All too frequently, non-VATable items such as GAP insurance, RFL and negative equity are included within the sale price of the new car, because the sales consultant knows that this will produce the right amount of finance.

What the consultant doesn’t realise is that the values entered are used by the finance house to produce an invoice on the dealer’s behalf. The values on that document will not match the invoice produced by the dealer’s own DMS, on which each of the different elements of the sale are correctly analysed.

The VAT problem arises because the accounts team at the dealer declare VAT according to the DMS document, but under PCP a car is contractually sold to the finance company.

HMRC unsurprisingly regard the vehicle invoice produced by the finance house as being the true figure for VAT purposes.
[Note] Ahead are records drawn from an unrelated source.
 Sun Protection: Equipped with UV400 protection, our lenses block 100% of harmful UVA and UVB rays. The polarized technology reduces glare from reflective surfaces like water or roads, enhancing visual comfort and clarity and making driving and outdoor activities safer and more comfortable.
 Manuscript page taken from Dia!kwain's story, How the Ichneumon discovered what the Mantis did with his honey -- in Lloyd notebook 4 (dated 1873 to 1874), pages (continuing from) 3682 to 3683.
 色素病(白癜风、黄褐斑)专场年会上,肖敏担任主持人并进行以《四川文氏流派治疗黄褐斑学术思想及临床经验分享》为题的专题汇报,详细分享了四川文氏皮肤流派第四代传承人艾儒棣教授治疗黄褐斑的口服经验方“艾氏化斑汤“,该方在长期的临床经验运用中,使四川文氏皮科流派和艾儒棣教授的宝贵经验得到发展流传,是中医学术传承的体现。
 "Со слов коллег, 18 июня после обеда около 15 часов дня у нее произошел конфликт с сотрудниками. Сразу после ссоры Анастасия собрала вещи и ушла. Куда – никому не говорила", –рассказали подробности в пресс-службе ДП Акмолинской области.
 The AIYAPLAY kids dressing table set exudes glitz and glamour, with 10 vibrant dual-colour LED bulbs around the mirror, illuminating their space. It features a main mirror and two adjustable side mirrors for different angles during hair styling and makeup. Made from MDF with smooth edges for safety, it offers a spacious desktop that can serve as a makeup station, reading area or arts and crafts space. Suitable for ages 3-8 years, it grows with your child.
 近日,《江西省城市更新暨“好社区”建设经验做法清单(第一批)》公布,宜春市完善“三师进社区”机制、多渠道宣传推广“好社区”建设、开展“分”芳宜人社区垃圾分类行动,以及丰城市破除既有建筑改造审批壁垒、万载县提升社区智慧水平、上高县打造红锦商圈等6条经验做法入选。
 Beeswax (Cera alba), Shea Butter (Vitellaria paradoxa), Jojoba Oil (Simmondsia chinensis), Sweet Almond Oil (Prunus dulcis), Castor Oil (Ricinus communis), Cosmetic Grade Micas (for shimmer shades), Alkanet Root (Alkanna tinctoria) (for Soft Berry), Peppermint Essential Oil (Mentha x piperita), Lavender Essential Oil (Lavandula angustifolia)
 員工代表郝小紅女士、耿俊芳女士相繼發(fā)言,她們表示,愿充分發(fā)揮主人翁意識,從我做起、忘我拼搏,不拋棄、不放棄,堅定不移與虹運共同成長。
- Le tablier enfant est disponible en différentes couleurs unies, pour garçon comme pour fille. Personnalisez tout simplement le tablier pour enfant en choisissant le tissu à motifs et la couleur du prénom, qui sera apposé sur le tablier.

The amounts involved are significant.

HMRC are regularly issuing assessments in excess of £100,000 at mid-sized dealerships. With that level of easy pickings, it is little wonder that the sector has become a regular target for the VATman.

Of course, this also leads to HMRC looking closely at any other potential errors and they now arrive at a dealership with a shopping list of potential VAT underdeclarations.

So what can be done? The ideal starting point is to ensure that finance deals are entered onto systems accurately.

This means investing time training sales consultants and ensuring that there is good communication between accounts, sales and lenders to ensure that everyone understands their respective responsibilities.

Dealers who have not yet been contacted should anticipate a VAT inspection and start to test systems.

Early advice from specialists can help resolve the problem before or during an enquiry – HMRC know some of the solutions, but disappointingly they are not always willing to share possible ways in which their assessments can be mitigated.